Digital Tours and 3D Modelling: White Paper

Digital Tours and 3D Modelling: White Paper

Abstract

The increasing adoption of digital forms of engagement in the heritage industry has been in large part a result of the Covid-19 pandemic, which motivated heritage businesses, sites and organisations to reflect on and
innovate with their digital offerings. Though a significant amount of time has passed and heritage places have widely reopened, heritage sites and businesses are continuing to experiment and expand on their digital
packages.

Within these digital packages the digital tour is a highly popular means of engagement, allowing people to visit a version of a heritage site or place from anywhere. This has become an important development for accessibility in the industry, allowing new types of tourism not restricted by location, economic status or disability. Digital tours result in new ways of crafting unique learning experiences that can enhance the in-person experience or create a wholly new experience.

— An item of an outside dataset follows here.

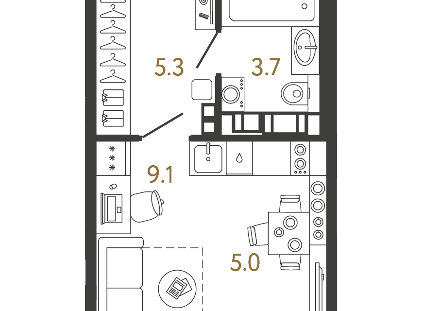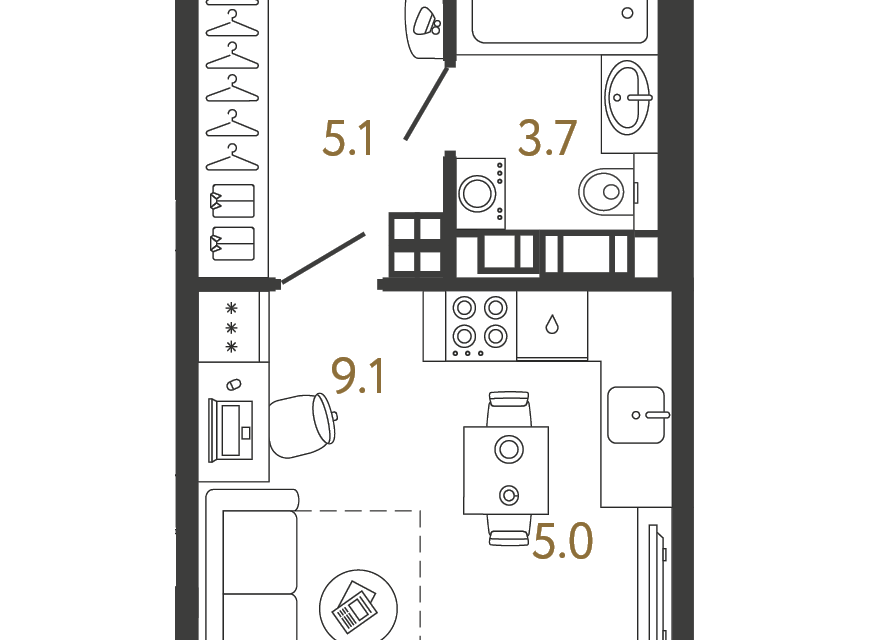 Студия, 22.9 м², 14/14 этаж

This whitepaper looks to assess the scope of how digital tours are used in the heritage industry, both online and in-person, understanding the design decisions that go into crafting digital tours and how these tours
increase engagement while also effectively communicating knowledge. It interrogates fundamental aspects and commonalities between tours, identifies trends and looks at how we might innovate with digital tours
further.

This whitepaper will also consider the exciting developments of Virtual Reality (VR) and Augmented Reality (AR), assessing how these technologies might impact the future of digital tourism. It will argue the case for gamification as a means of making engaging digital tours, as well as looking at how video games can be a strong inspiration for developing better tours. Finally this whitepaper will assess the costs associated with digital tour design and how best to make the most of funding.

Digital Tours and 3D Modelling

When thinking about digital tours we should also think about digital modelling. The tourist exploring a digital space or digital collection is not looking at real sites or places, but rather a digital recreation of them. Real in-person visits to a place are mediated through the human body and perspective but this is not necessarily the case for a digital experience.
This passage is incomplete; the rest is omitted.